At the present time, a number of universities have implemented waivers of international student fees for SHEV holders who satisfy the entry requirements to study. Rather than leaving this to individual universities, the government should make available Commonwealth-supported places for SHEV holders.

C Support for SHEVs in Regional Locations

The Commonwealth provides no extra resources to support SHEVs in their transition to work in regional areas. There is no support to assist them to find work, no dedicated trauma support and no support for them to find housing. Any additional support is left to the states and regional councils who host the SHEV holders. The Tasmanian government considers the SHEV to be an opportunity for economic growth in a state that is struggling economically. It has created a ‘safe haven hub’ for $1.2 million ‘to operate as a first point of contact for SHEV holders coming to Tasmania to live and work or study’.[157]

Such initiatives are vital for SHEVs to work in the regions. Refugees face a myriad of challenges in settling in Australia, including cost of living pressures, unemployment, and dislocation from support networks. Refugees often face additional challenges due to their particular service requirements, such as mental health and trauma support. The Commonwealth Department of Social Services recognises that for some refugees, there needs to be an initial period of time in larger cities where there are more extensive counselling and other services.[158]

In response to the proposed introduction of the SHEV, the Queensland Council of Social Services published an issues paper outlining the challenges that SHEV holders would face in entering regional communities in Queensland, including high cost of living, high unemployment, as well as a shortage of services of particular importance to them such as English language classes.[159] A year earlier, Hugo, Tan and Feist identified a number of essential services that are required to facilitate migrant worker movements to regional areas, including quality education and health services, security, recreation opportunities, social support, and housing.[160]

There are examples of successful settlement of refugee groups in regional areas, but this has been the result of careful planning, with assistance provided to refugee communities to make a successful transition. One well publicised story of a successful regional resettlement is the story of the settlement of 160 Karen refugees from Burma in the Victorian town of Nhill from 2010.[161]

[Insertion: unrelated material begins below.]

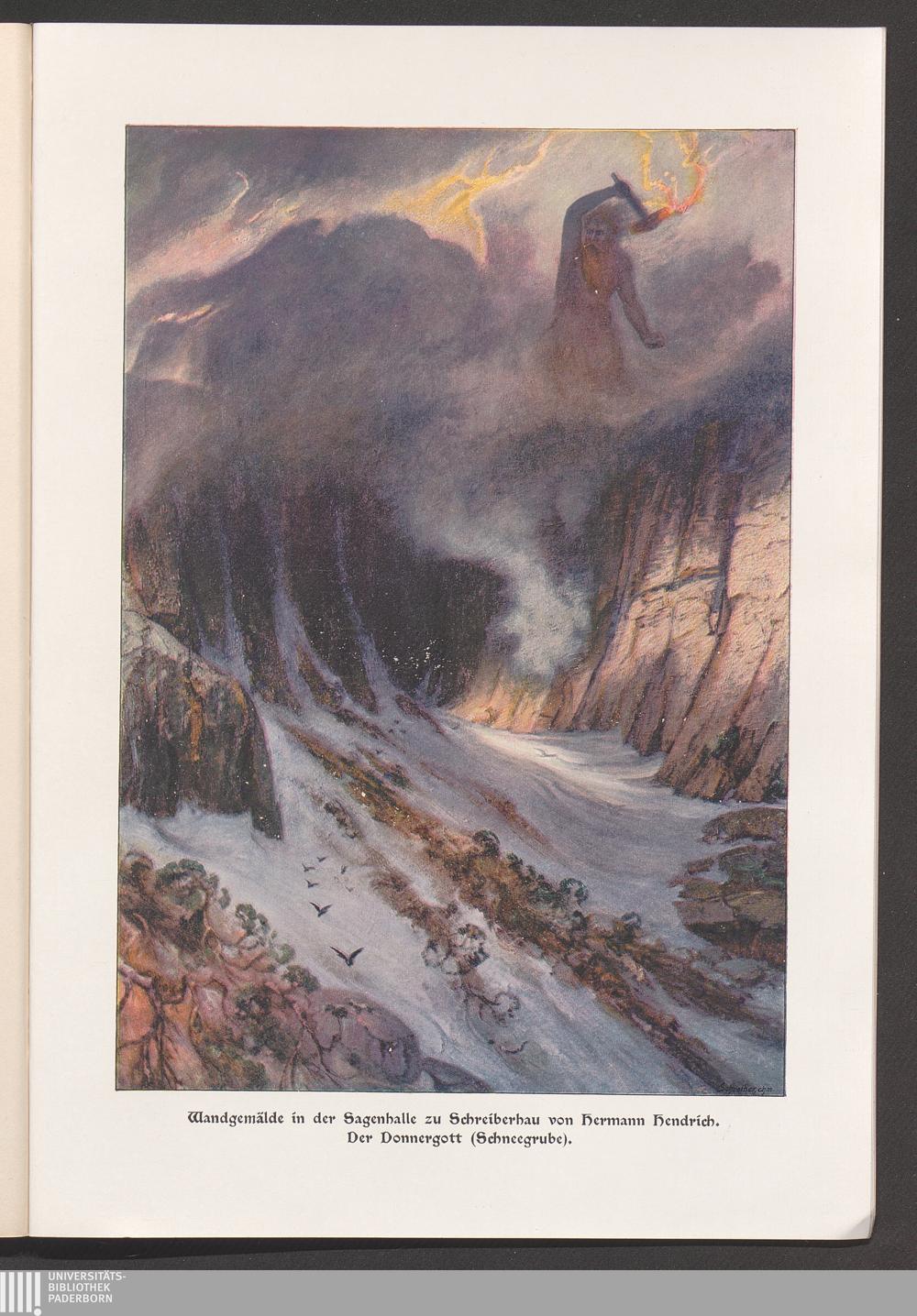 Die Sagenhalle des Riesengebirges (Schreiberhau) : der Mythus von Wotan-Rübezahl in Werken der bildenden Kunst / 8 Bilder von Hermann Hendrich. Rübezahl-Standbild von Hugo Schuchardt. Bauwerk von Paul Engler ; der schlafende Wotan / Standbild von Rudolf Maison. Erl. von Bruno Wille

D Reforming the Visa Pathways for SHEV Holders

Finally, it is well documented that uncertainty about the future is detrimental to the mental health of humanitarian migrants. Under the current policy, no matter how diligently a SHEV holder might work or study, there is no certainty that they will be eligible for any non-humanitarian visa at the conclusion of the SHEV. This is highly unsatisfactory. There needs to be clearer pathways to non-humanitarian visas that will lead either immediately or over time to permanent residency.

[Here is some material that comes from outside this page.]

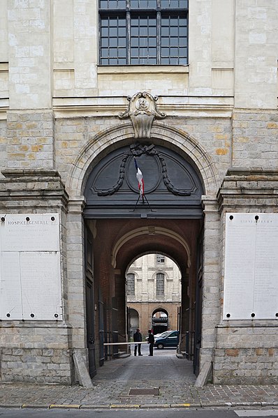 L'origine de l'institution renvoie à un édit de Louis XIV du 12 juin 1662 imposant la création d'hôpitaux généraux pour contenir les mendicités par l'enfermement et le travail. À Lille, devenue française en 1667, l'hôpital général ne se met en place qu'en 1738 ; la construction, confiée à l'architecte du roi Pierre Vigné de Vigny, débute en 1739 et l'hôpital ouvre en 1743, accueillant alors 500 adultes et 680 enfants, tandis que les travaux se poursuivent jusqu'en 1780. L'établissement est ensuite agrandi au cours du XIXe siècle, avec des opérations en 1824 et 1835 qui s'achèvent définitivement en 1846. Reconverti au début du XXe siècle en hospice pour personnes âgées, il accueille au début de la Première Guerre mondiale des blessés français et anglais, et sa population est estimée à environ mille huit cents personnes en 1915. La plupart des pensionnaires sont transférés en 1973 à la suite d'un scandale sur leurs conditions d'hébergement, mais l'établissement reste officiellement en activité comme maison de retraite jusqu'en 1988. Les bâtiments arrière sont démolis vers 1980, ne conservant que la façade et la partie entourant la cour derrière le portail ; une maison de retraite est reconstruite en partie sur l'emplacement des ailes détruites. L'idée d'y installer l'Institut d'administration des entreprises est lancée en février 1993 ; trois ans plus tard, les locaux du bâtiment central rénovés et réaménagés accueillent leurs premiers étudiants. Au rez-de-chaussée d'une des ailes sur la cour d'honneur, l'ancienne pharmacie et sa salle de préparation avec fourneau ont été conservées ; des visites y sont organisées par l'Association du musée hospitalier régional de Lille.

In 2004, when TPV holders were provided a pathway to permanent protection, the language and work requirements were modified to assist TPV holders to apply for permanent residency.[162] Despite the modifications, the success rate remained very low. There were only 34 applications from a potential cohort of approximately 2000 applicants.[163]

The simplest way to modify the work requirements would be to make a direct correlation between meeting the work requirements of the SHEV and eligibility for a permanent protection visa. Unless the criteria for satisfying the work requirements for the SHEV are enough to be eligible for permanent protection, SHEV holders have to satisfy the criteria of the SHEV while also developing eligibility for another visa. A significant problem of these dual criteria is that they are often contradictory. The imperative to find work quickly to satisfy the work and study requirements may lead SHEV holders into low-skilled work that does not satisfy the criteria for any of the skilled stream visa pathways.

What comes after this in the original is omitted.